Now that I've thoroughly confused everyone regarding RSpec and BDD, it's time to muddy the waters with the 'Code Kwoon' aspect of the evening. Born from the (possibly feverish ;) ) imagination of Ashley as a 'Good Idea', the basic idea is similar to the 'coding kata' idea, except in a different language (Chinese rather than Japanese, I believe Ashley said). It's a way to practice coding skills with a specific problem and in this case it was being done in a pair-driven fashion with hot-seat pairs.

So, the evening... I mentioned previously that the level was a bit more introductory than I originally anticipated. This was mainly due to the fact that many of the attendees were making their very first forays into RSpec and the BDD arena.
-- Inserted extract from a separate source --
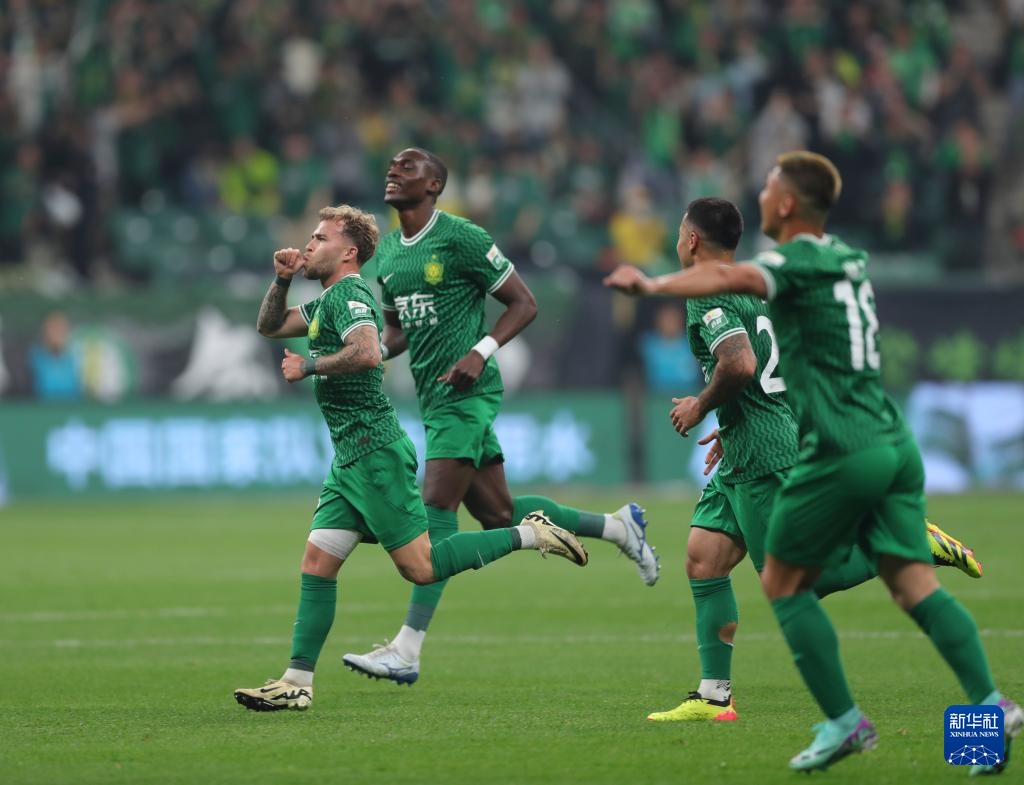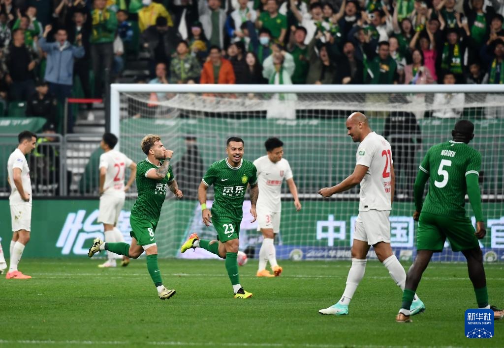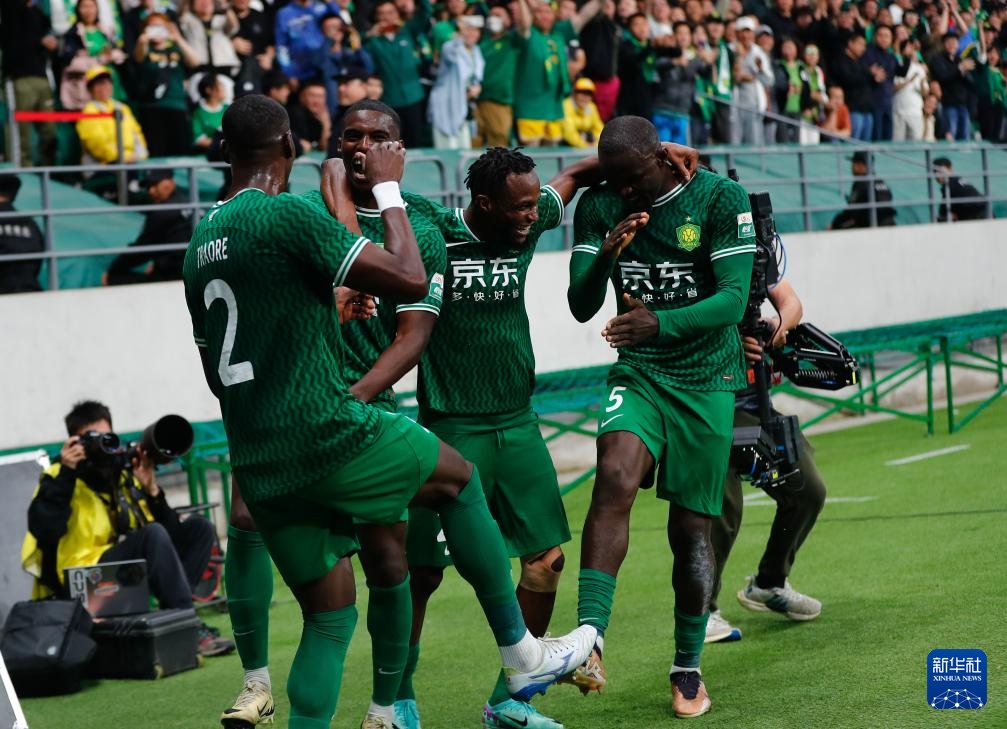 5月5日,北京国安队球员古加(左一)进球后庆祝。新华社记者 胡星宇 摄

The problem on the table was a 'Poker hand recogniser' that was to be able to take in a series of Poker hands (potentially with different variations of Poker such as Texas Hold 'em or 5 card stud) and determine a winner. Given that the time allotted to the session was about 80 minutes this could be seen as a trifle ambitious ;) However, it worked in the sense that it wasn't a trivial problem, so it illustrated the process much better. To me the evening also showed what I'd describe as a 'clash' of methodologies. As said, there were a lot of people there making their first foray into RSpec land, and some attendees who were well established in the ways of RSpec and BDD. With an initial chunk of development done by established RSpecers, the hot-seating system took full force and some new-comers to the scene were taking development, and the change couldn't really be more obvious. Where the RSpecers are familiar with getting the tests to pass and then refactoring (so that you know you have a solution that passed the tests and your refactoring is only neatening things up), the newcomers were what I'd call 'traditional' developers and when faced with a failing test tried to build in new abstractions without fixing the failing test. The development at this point basically stopped as the hot-seat coding then meant that people were swapping out and then spending time changing the abstraction from the previous persons to how they thought about the problem and it wasn't until close to the end of the second session that the failing test was finally fixed (by going back to basics) and more tests were added.

Thus, the evening ended up not showing as much about RSpec as I thought it would (and probably not as much as the organisers intended) but it was an educational experience anyway. It showed how much trouble can occur when differing development styles clash (very much exaggerated by the quickness of the hot-seat - 7 minute slots), and it showed how more traditional developers try to solve a problem by redefining the problem rather than just getting it fixed and redefining and improving the code from a more solid foundation.